You are viewing a plain text version of this content. The canonical link for it is here.
Posted to dev@nutch.apache.org by xingjian <xi...@gmail.com> on 2007/11/13 06:37:34 UTC
takes the URI info, Content, headers, ect into a MYSQL database.
Instead of writing to disc, Id like to draw content of page and create a
method that
takes the URI info, Content, headers, ect into a MYSQL database. Does
anyone have any suggestion on how to do this , where I should look to
place my methods?
--
View this message in context: http://www.nabble.com/takes-the-URI-info%2C-Content%2C-headers%2C-ect-into-a-MYSQL-database.-tf4795882.html#a13720124
Sent from the Nutch - Dev mailing list archive at Nabble.com.

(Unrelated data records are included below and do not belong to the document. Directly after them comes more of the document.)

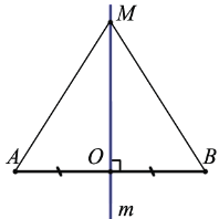 ОВМ: так как m - серединный перпендикуляр отрезка АВ, то рассматриваемые треугольники прямоугольные. ОА = ОВ, т.к. О - середина отрезка АВ, ОМ - общий катет, следовательно,
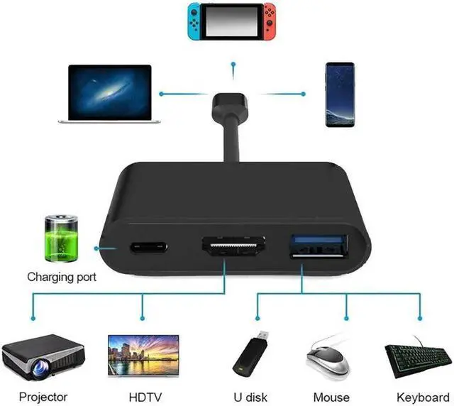 Hub with USB PD function: 1xUSB 3.1 + 1xHDMI-Compatible + 1xUSB Type-C charging port, Perfect support for Nintendo Switch, Samsung S8/S8+, / Pro, USB flash disk, camera, removable hard drive, mouse, keyboard or other USB A 2.0/USB A 3.0 devices
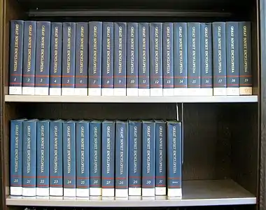 - третье издание (1969—1978) насчитывало 30 томов (том 24 издан в двух книгах: вторая, дополнительная книга — «СССР») и дополнительный том «Алфавитный именной указатель» без номера (1981).
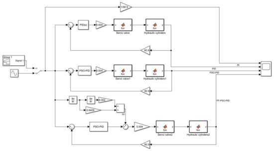 In this section, the performance of the conventional PID algorithm, PSO-PID, and FF-PSO-PID are compared through three different displacement input signals with the control objective of making the electro-hydraulic servo system respond quickly and track the reference trajectory with satisfactory tracking accuracy.
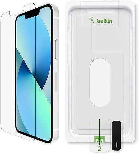 Belkin iPhone 14 / 13 / 13 Pro 用 UltraGlass保護ガラスフィルム 超強化ガラス ドイツSCHOTT製 抗菌 0.29mm 簡単取付キット付き OVA078zz
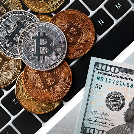 Piled up bitcoins on one hundred dollar bills. Exchange digital currency with dollar concept
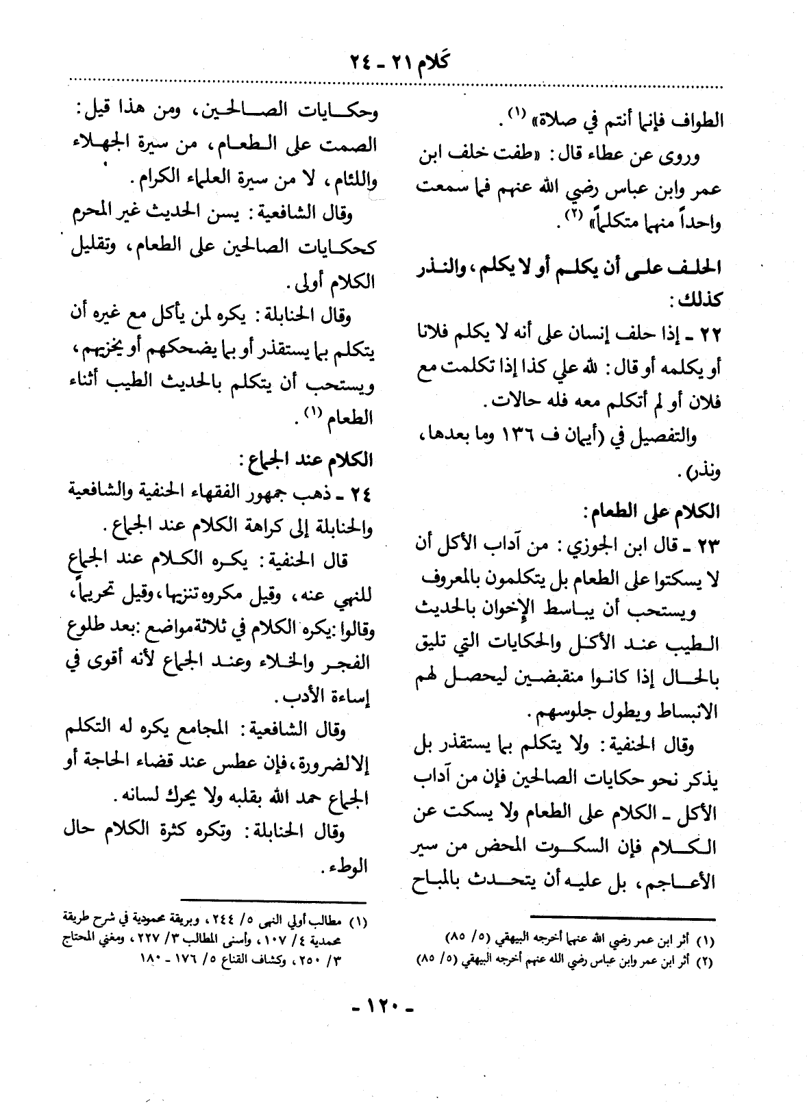 الطَّوَافِ فَإِنَّمَا أَنْتُمْ فِي صَلاَةٍ. (1) وَرُوِيَ عَنْ عَطَاءٍ قَال: ". . . . طُفْتُ خَلْفَ ابْنِ عُمَرَ وَابْنِ عَبَّاسٍ رَضِيَ اللَّهُ عَنْهُمْ فَمَا سَمِعْتُ وَاحِدًا مِنْهُمَا مُتَكَلِّمًا ". (2)

Re: takes the URI info, Content, headers, ect into a MYSQL
database.
Posted by xingjian <xi...@gmail.com>.
i need to extend FetcherOutputFormat ?Have you simple example ?thanks
Sagar Naik-2 wrote:
>
> Hey
> AFAIK, FetcherOutputFormat is the class to look at.

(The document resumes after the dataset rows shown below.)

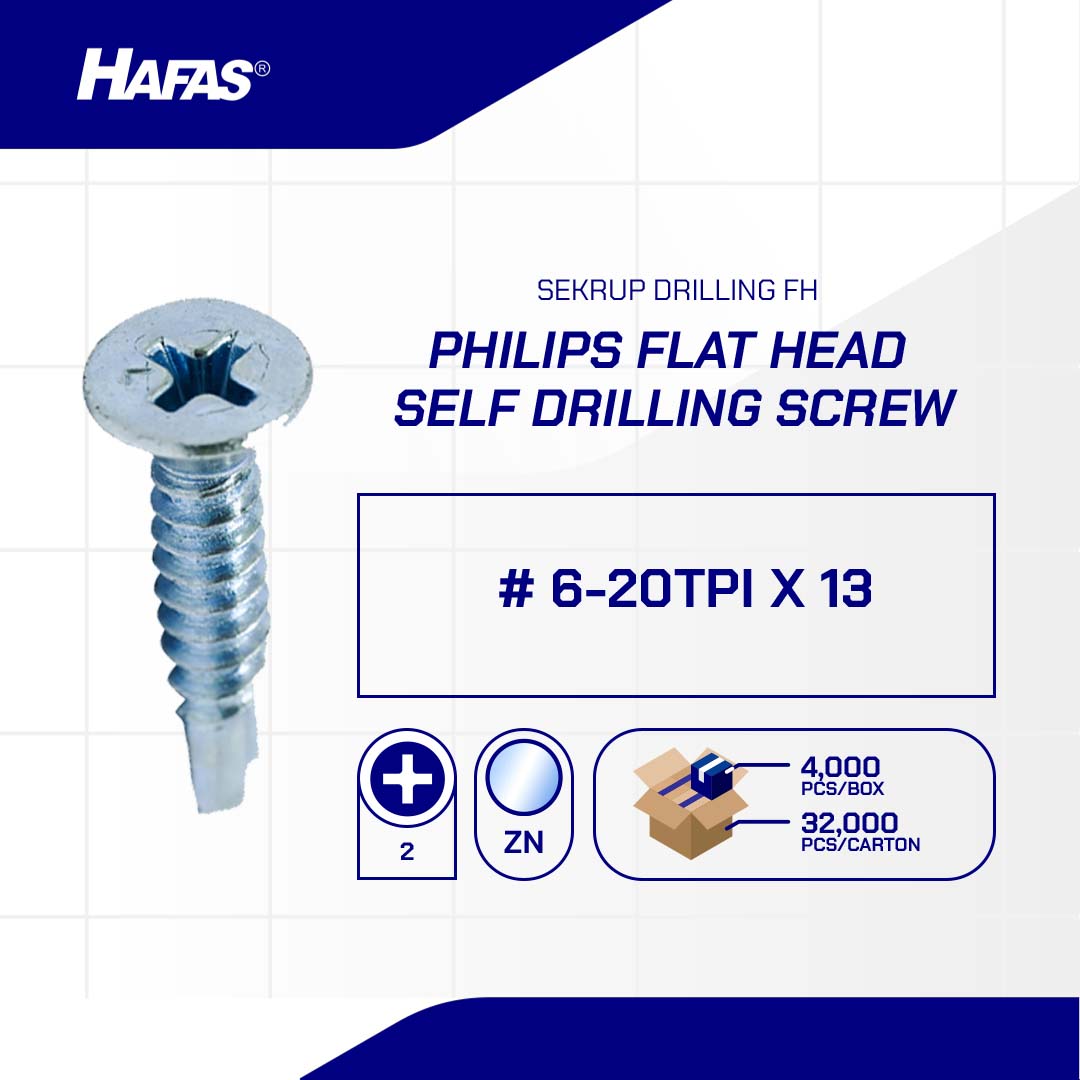 Ya, proses pesanan Tidak, kembali ke detail produk(PHILIPS FLAT HEAD DRILLING SCREW WHITE ZINC PLATED # 6-20TPI X 13)
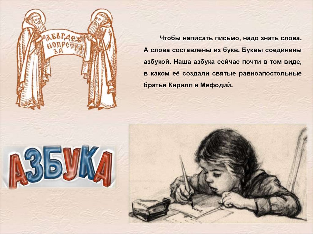 Чтобы написать письмо, надо знать слова.А слова составлены из букв. Буквы соединены
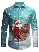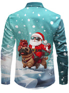 Chemise à manches longues pour homme avec imprimé Père Noël et chien mignon
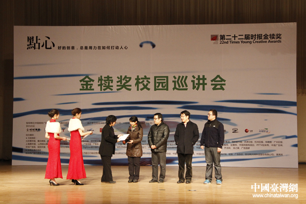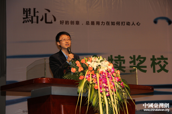 活動(dòng)籌委會(huì)代表中國傳媒大學(xué)廣告學(xué)院楊懿老師發(fā)表致辭。(中國臺(tái)灣網(wǎng) 張潔 攝)
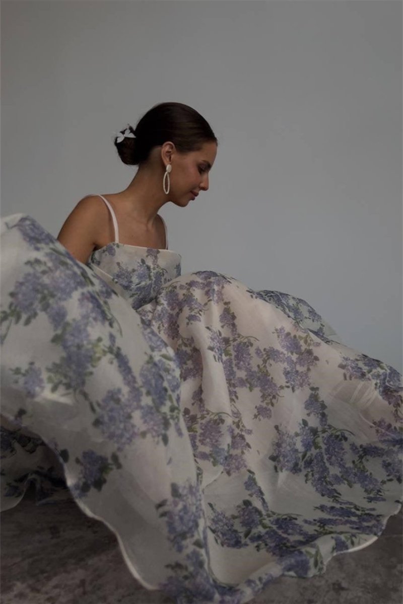 Ella Çiçek Baskılı Şifon Midi Elbise
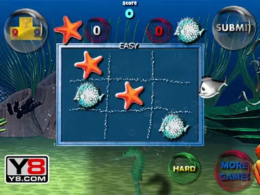 Tic Scary Toe 是一款非常有趣且引人入胜的益智游戏。在这个水生世界中畅游,与周围大量的水生生物一起玩井字棋。规则非常简单,只需将你的海星放在格子里,组成一行或一列即可获胜。体验这些奇妙的水生生物,尽情玩这款游戏,尽在 y8.com。
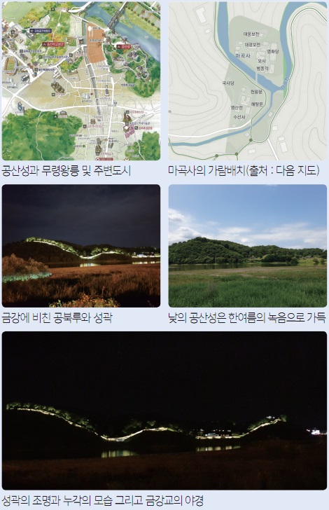 시원한 바람에 불어오는 야경 빛을 공산성과 공주산성시장, 무령왕릉, 그리고 한옥마을까지 자연스럽게 흘러가면서 보았다. 금강에서 바라보던 공산성의 아름다운 성곽불빛과 누각의 은은한 모습이 금강에 비춰진 모습은 9시가 넘어서니 더욱 선명해져서 야경이 절정에 이르렀다. 산성시장 주변은 도심으로서 간판과 가로등 이외에는 인적이 드물고 차량도 드물어 조용한 소 도읍의 모습으로 다가왔다.

> the getRecordWriter function,
> FILE : new file is opened
> DB : Instantiate the db conn
>
> In the RecordWriter class's write function
> FILE : Contents are written on disk
> DB : insert into db
>
> In the RecordWriter class's close function
> FILE : Close file
> DB : close file
>
> You will also have to look at ParseOutputFormat along same lines
>
>
>
> xingjian wrote:
>> Instead of writing to disc, Id like to draw content of page and create a
>> method that
>> takes the URI info, Content, headers, ect into a MYSQL database. Does
>> anyone have any suggestion on how to do this , where I should look to
>> place my methods?
>>
>>
>
>
> --
> This message has been scanned for viruses and
> dangerous content and is believed to be clean.
>
>
>
--
View this message in context: http://www.nabble.com/takes-the-URI-info%2C-Content%2C-headers%2C-ect-into-a-MYSQL-database-during-crawl.-tf4795882.html#a13720535
Sent from the Nutch - Dev mailing list archive at Nabble.com.
Re: takes the URI info, Content, headers, ect into a MYSQL database.
Posted by Sagar Naik <sa...@visvo.com>.
Hey
AFAIK, FetcherOutputFormat is the class to look at.
the getRecordWriter function,
FILE : new file is opened
DB : Instantiate the db conn
In the RecordWriter class's write function
FILE : Contents are written on disk
DB : insert into db
In the RecordWriter class's close function
FILE : Close file
DB : close file
You will also have to look at ParseOutputFormat along same lines
xingjian wrote:
> Instead of writing to disc, Id like to draw content of page and create a
> method that
> takes the URI info, Content, headers, ect into a MYSQL database. Does
> anyone have any suggestion on how to do this , where I should look to
> place my methods?
>
>
--
This message has been scanned for viruses and
dangerous content and is believed to be clean.